The PLT was easy for patients to carry out. Verbal instrutions were given to each patient by the laboratory and armacy staff, complemented by a typewritten instruction sheet. The test was suitable for use with outpatients as has previously been demonstrated12 and can be easily repeated.
The audit was carried out for a period of three years (1996–98) before faecal pancreatic elastase was widely used. We are now conducting another audit to compare both tests in investigating pancreatic insufficiency in the unit over the last two years.
The diagnosis of early chronic pancreatitis can be difficult and sometimes patients with pancreatic insufficiency may not present with classic symptoms. Although this audit confirms the high specificity of the PLT in a district general hospital setting, it does not determine the sensitivity. This has previously been reported as 30%–50% for mild pancreatic insufficiency with minimal anatomical changes on endoscopic retrograde cholangiopancreatography to >95% for severe chronic pancreatitis.13,14 It should be emphasised that the PLT would not exclude chronic pancreatitis in patients who do not have loss of exocrine pancreatic function.

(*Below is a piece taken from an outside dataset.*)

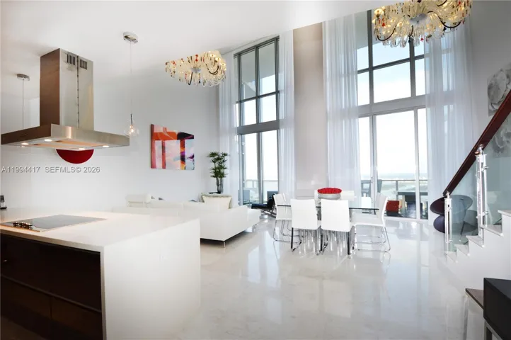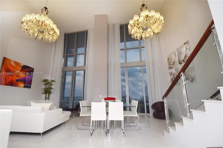 Perched high above Biscayne Bay, Penthouse 6104 at 1100 Biscayne Blvd offers a truly one-of-a-kind floor plan with dramatic 20-foot ceilings and breathtaking direct bay views. This exceptional residence showcases refined design and luxury finishes throughout, including motorized curtains, stunning Baccarat-style chandeliers, elegant glass stair railings, and a spacious in-unit laundry room.

The diagnosis of pancreatic insufficiency should be considered in all patients with unexplained chronic diarrhoea and weight loss. Pancreatic insufficiency may be seen in the absence of steatorrhoea and without a history of high alcohol intake. This audit shows that the PLT is a simple, inexpensive, and non-invasive screening test with specificity of 83%–91% for diagnosing pancreatic insufficiency in a district general hospital setting.